This thesis investigates the characteristics of the corrections to the initial state of the atmosphere. The technique employed is the key analysis error algorithm, recently developed to estimate the initial state errors responsible for poor short-range to medium-range numerical weather prediction (NWP) forecasts. The main goal of this work is to determine to which extent the initial corrections obtained with this method can be associated with analysis errors. A secondary goal is to understand their dynamics in improving the forecast. / In the first part of the thesis, we examine the realism of the initial corrections obtained from the key analysis error algorithm in terms of dynamical balance and closeness to the observations. The result showed that the initial corrections are strongly out of balance and systematically increase the departure between the control analysis and the observations suggesting that the key analysis error algorithm produced initial corrections that represent more than analysis errors. Significant artificial correction to the initial state seems to be present. / The second part of this work examines a few approaches to isolate the balanced component of the initial corrections from the key analysis error method.

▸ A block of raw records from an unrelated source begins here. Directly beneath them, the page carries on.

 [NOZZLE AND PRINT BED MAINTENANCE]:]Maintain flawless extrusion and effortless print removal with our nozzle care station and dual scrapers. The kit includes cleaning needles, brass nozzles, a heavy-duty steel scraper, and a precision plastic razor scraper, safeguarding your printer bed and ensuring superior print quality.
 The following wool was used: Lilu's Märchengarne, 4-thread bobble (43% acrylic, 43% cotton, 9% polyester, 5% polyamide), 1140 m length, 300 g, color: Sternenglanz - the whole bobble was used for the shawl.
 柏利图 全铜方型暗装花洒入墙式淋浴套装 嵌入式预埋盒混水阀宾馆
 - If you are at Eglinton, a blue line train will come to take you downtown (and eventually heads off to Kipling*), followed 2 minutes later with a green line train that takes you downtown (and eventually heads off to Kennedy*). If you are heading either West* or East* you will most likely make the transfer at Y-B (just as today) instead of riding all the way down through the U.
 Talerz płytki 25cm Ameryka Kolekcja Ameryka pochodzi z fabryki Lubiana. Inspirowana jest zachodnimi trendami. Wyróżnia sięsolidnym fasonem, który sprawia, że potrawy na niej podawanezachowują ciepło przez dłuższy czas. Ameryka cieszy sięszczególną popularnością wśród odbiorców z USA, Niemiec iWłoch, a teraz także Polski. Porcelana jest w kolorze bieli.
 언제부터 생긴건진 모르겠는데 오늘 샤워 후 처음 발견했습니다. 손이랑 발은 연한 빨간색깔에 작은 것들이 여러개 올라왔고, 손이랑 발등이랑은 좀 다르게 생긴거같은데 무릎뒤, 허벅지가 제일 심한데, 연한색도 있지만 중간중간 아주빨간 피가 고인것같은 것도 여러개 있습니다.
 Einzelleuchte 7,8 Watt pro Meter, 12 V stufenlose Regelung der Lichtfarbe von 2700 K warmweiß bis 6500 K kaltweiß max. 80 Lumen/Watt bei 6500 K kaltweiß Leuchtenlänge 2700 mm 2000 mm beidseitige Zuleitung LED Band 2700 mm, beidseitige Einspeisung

The best results were obtained with the nonlinear balance potential vorticity (PV) inversion technique. The removal of the imbalance part of the initial corrections makes the corrected analysis slightly closer to the observations, but remains systematically further away as compared to the control analysis. Thus the balanced part of the key analysis errors cannot justifiably be associated with analysis errors. In light of the results presented, some recommendations to improve the key analysis error algorithm were proposed. / In the third and last part of the thesis, a diagnosis of the evolution of the initial corrections from the key analysis error method is presented using a PV approach. The initial corrections tend to grow rapidly in time and can thus modify significantly the trajectory of a forecast over a relatively short period of time. The results shed light on different mechanisms about the evolution of small and fast growing initial perturbations.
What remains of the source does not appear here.